== Dataset content ==
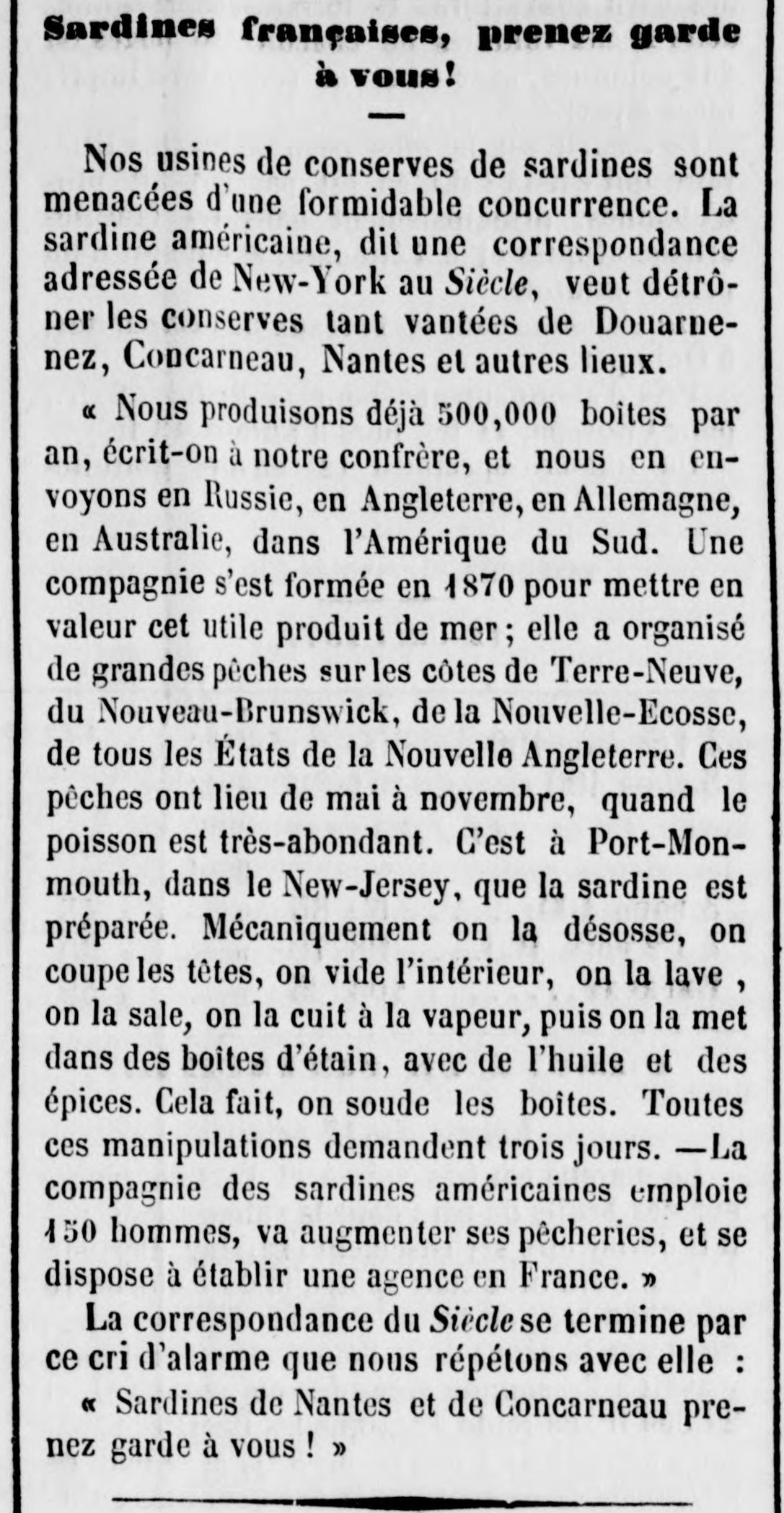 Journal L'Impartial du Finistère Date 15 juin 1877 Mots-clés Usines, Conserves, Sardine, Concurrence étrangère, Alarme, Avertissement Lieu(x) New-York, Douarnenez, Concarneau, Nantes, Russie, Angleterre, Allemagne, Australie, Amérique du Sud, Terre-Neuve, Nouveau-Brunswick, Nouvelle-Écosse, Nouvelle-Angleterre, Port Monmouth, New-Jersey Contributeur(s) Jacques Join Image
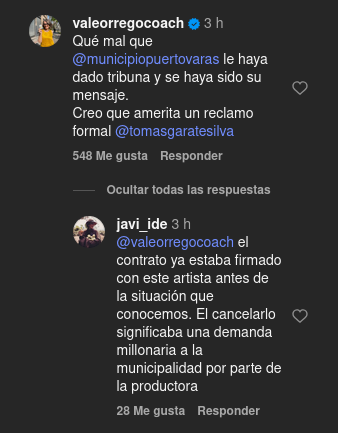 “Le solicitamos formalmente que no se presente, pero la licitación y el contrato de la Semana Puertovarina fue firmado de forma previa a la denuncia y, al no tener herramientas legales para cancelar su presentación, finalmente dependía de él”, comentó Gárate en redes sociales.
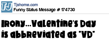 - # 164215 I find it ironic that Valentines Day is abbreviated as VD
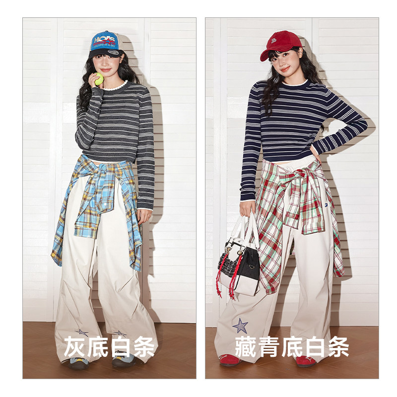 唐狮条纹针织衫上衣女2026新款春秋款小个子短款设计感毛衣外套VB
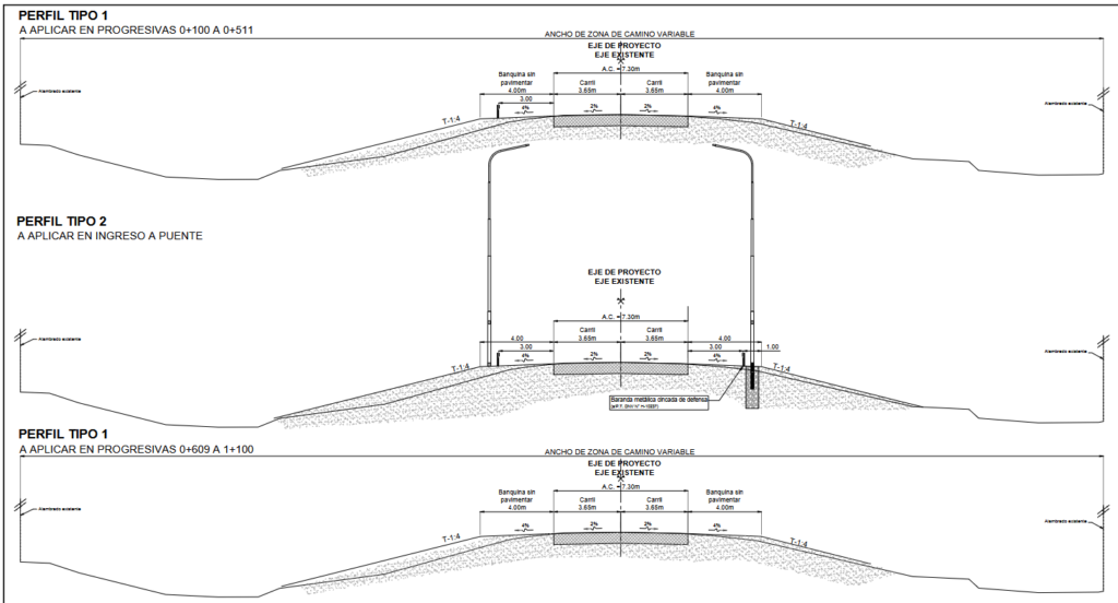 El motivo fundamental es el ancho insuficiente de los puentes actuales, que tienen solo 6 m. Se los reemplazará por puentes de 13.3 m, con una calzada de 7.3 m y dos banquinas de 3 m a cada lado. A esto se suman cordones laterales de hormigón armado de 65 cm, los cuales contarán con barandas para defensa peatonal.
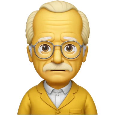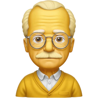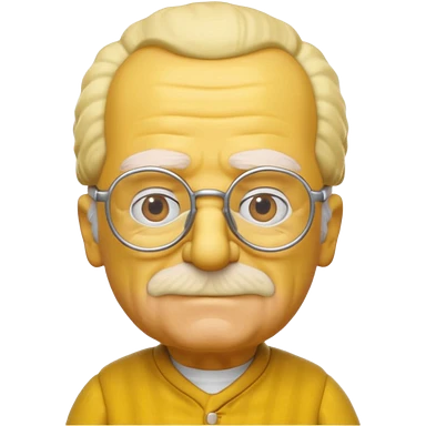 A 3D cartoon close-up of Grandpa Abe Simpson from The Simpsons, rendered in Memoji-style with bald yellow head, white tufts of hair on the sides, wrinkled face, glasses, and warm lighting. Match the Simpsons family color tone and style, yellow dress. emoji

--

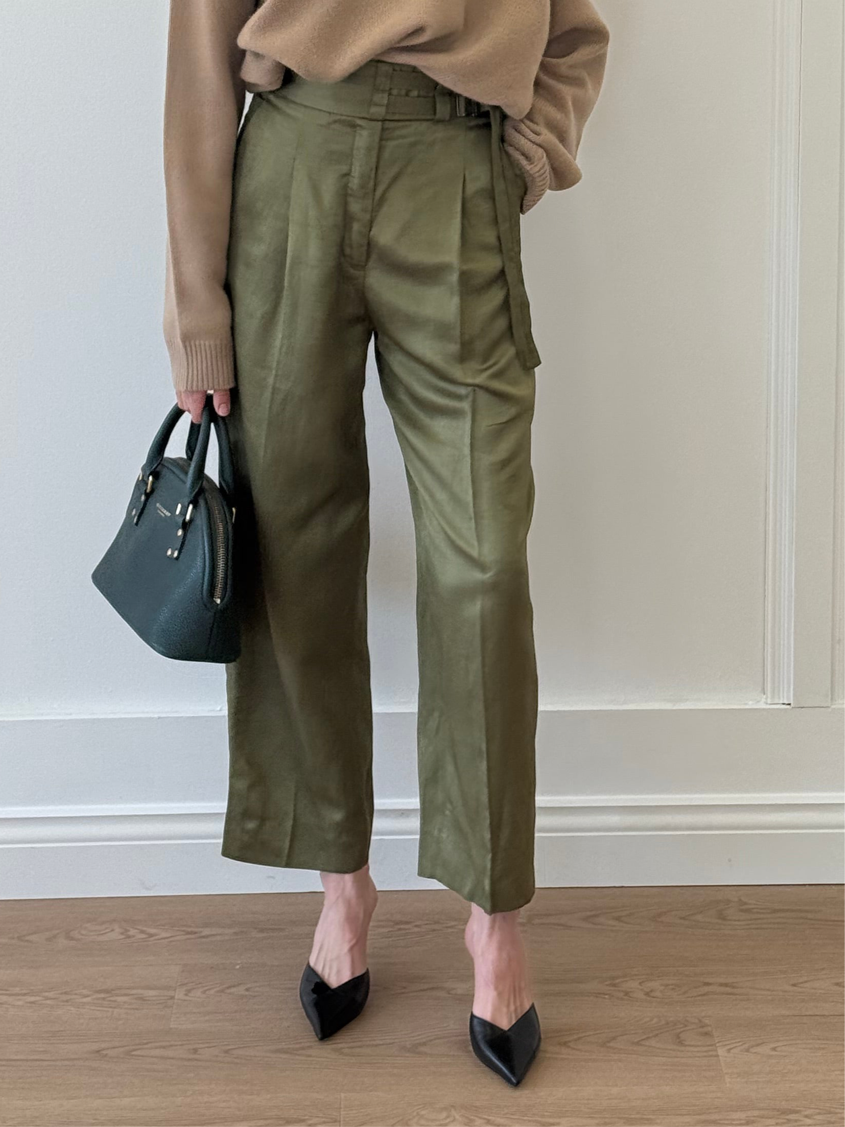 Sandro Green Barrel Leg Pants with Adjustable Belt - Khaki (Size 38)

...

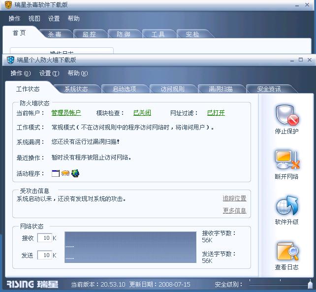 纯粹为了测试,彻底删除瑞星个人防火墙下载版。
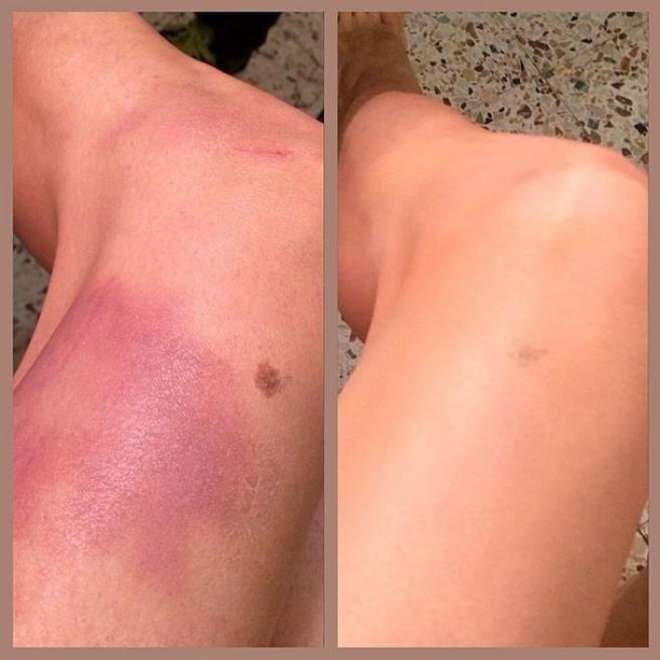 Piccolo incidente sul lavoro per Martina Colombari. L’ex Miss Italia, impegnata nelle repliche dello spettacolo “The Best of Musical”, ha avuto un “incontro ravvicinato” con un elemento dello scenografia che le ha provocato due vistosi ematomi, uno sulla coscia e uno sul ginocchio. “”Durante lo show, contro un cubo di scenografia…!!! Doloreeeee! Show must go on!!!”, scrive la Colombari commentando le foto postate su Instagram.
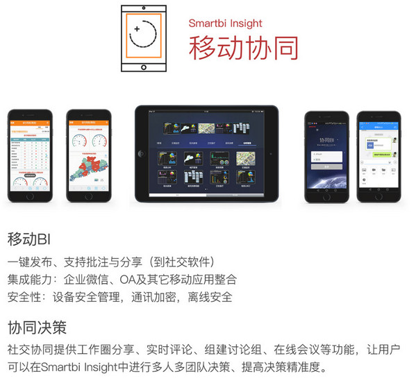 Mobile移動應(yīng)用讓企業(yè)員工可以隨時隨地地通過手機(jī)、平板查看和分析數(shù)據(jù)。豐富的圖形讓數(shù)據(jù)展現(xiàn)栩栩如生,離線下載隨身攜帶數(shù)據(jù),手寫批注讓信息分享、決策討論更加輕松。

== Work required ==
From the records above, copy only the lines running from the line holding "en redes sociales." through the line holding "A 3D cartoon", with no pictures.

== Task response ==
 “Le solicitamos formalmente que no se presente, pero la licitación y el contrato de la Semana Puertovarina fue firmado de forma previa a la denuncia y, al no tener herramientas legales para cancelar su presentación, finalmente dependía de él”, comentó Gárate en redes sociales.
 - # 164215 I find it ironic that Valentines Day is abbreviated as VD
 唐狮条纹针织衫上衣女2026新款春秋款小个子短款设计感毛衣外套VB
 El motivo fundamental es el ancho insuficiente de los puentes actuales, que tienen solo 6 m. Se los reemplazará por puentes de 13.3 m, con una calzada de 7.3 m y dos banquinas de 3 m a cada lado. A esto se suman cordones laterales de hormigón armado de 65 cm, los cuales contarán con barandas para defensa peatonal.
 A 3D cartoon close-up of Grandpa Abe Simpson from The Simpsons, rendered in Memoji-style with bald yellow head, white tufts of hair on the sides, wrinkled face, glasses, and warm lighting. Match the Simpsons family color tone and style, yellow dress. emoji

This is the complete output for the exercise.